Alnduul had moved so that, like Caine, the floating pylon of rock was now between him and the ground battery. “Caine Riordan, are you injured?”
Caine’s guts felt as if they had been spun in a centrifuge. “Don’t know. Don’t think so.” To the unit: “Climb, remaining behind shielding face of floating rock. Move to position two hundred meters above center of the rock and hold relative position.”
As the grav pack carried him to the designated spot, Alnduul’s voice reproved, “That maneuver was foolish, Caine Riordan. Brave, but foolish.”
“Was it?” Riordan grunted, a dull ache persisting in the vicinity of his liver. “You said this, uh, drift butte was a protected object. Seemed unlikely that your ground batteries would be authorized to conduct fire missions which might strike it.”

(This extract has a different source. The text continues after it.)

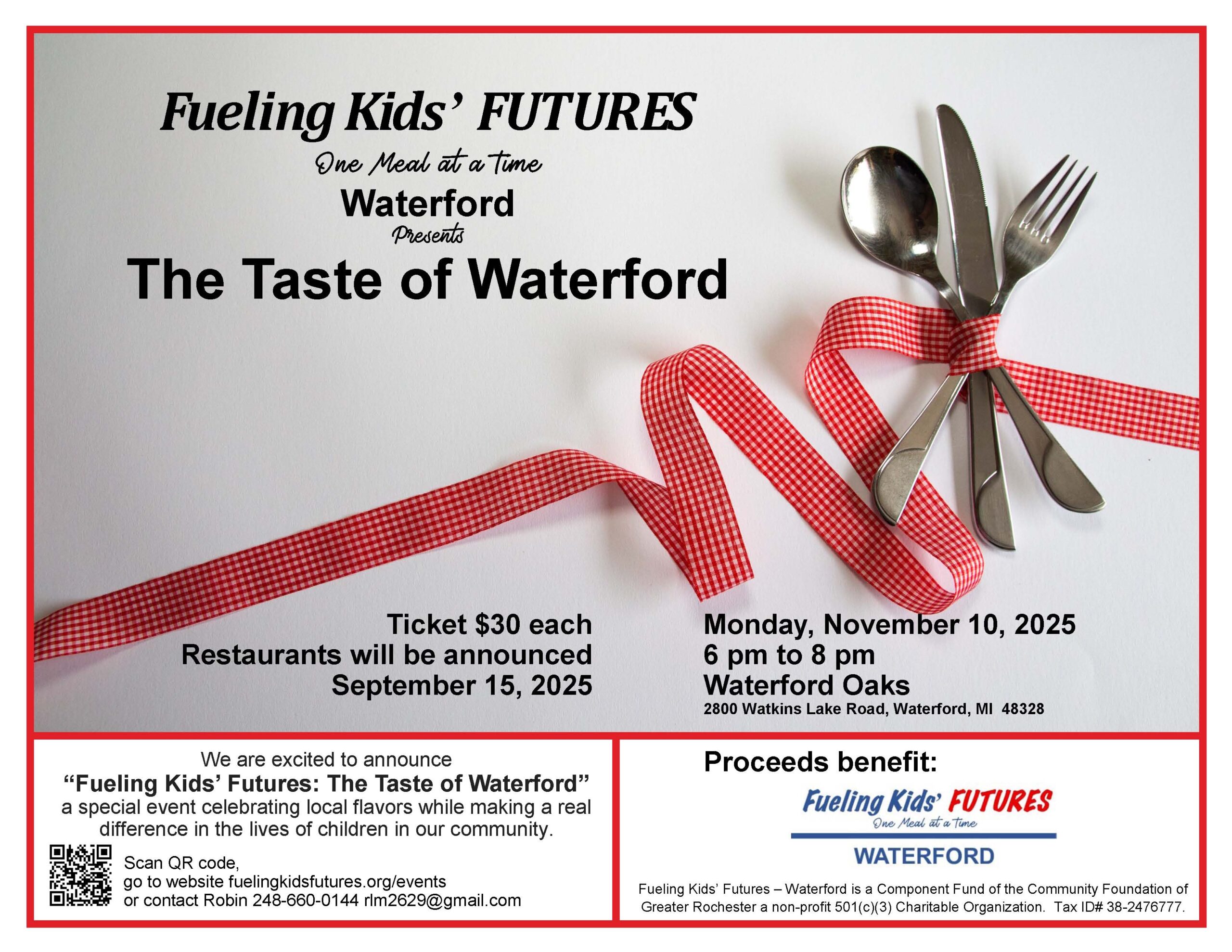 We are excited to announce “Fueling Kids’ Futures: The Taste of Waterford” a special event celebrating local flavors while making a real difference in the lives of children in our community.

“Logical. Yet still, only a guess.”
Riordan rose up beyond the sharply cleaved sides of the floating spike, scanned its top; thorny black bushes and swards of red lichen rolled away toward sky-blue fronds waving in the high-altitude winds. “Sometimes, guesses are all we humans have to act upon,” he muttered.
To his right, Olsloov, half flying and half falling, eked its way over the stony lip of the topland, wobbled down toward the largest of the mirror-green ponds. On his left, Alnduul rose into view, accelerating after his stricken ship. “As your saying has it,” the Dornaani conceded, “there are the quick and the dead. But in the future, I exhort you to temper your adherence to that axiom.”
“By obeying another human axiom: ‘make haste slowly.'”
Ironically, that was the moment Alnduul doubled his speed to get ahead of the belly-falling Olsloov.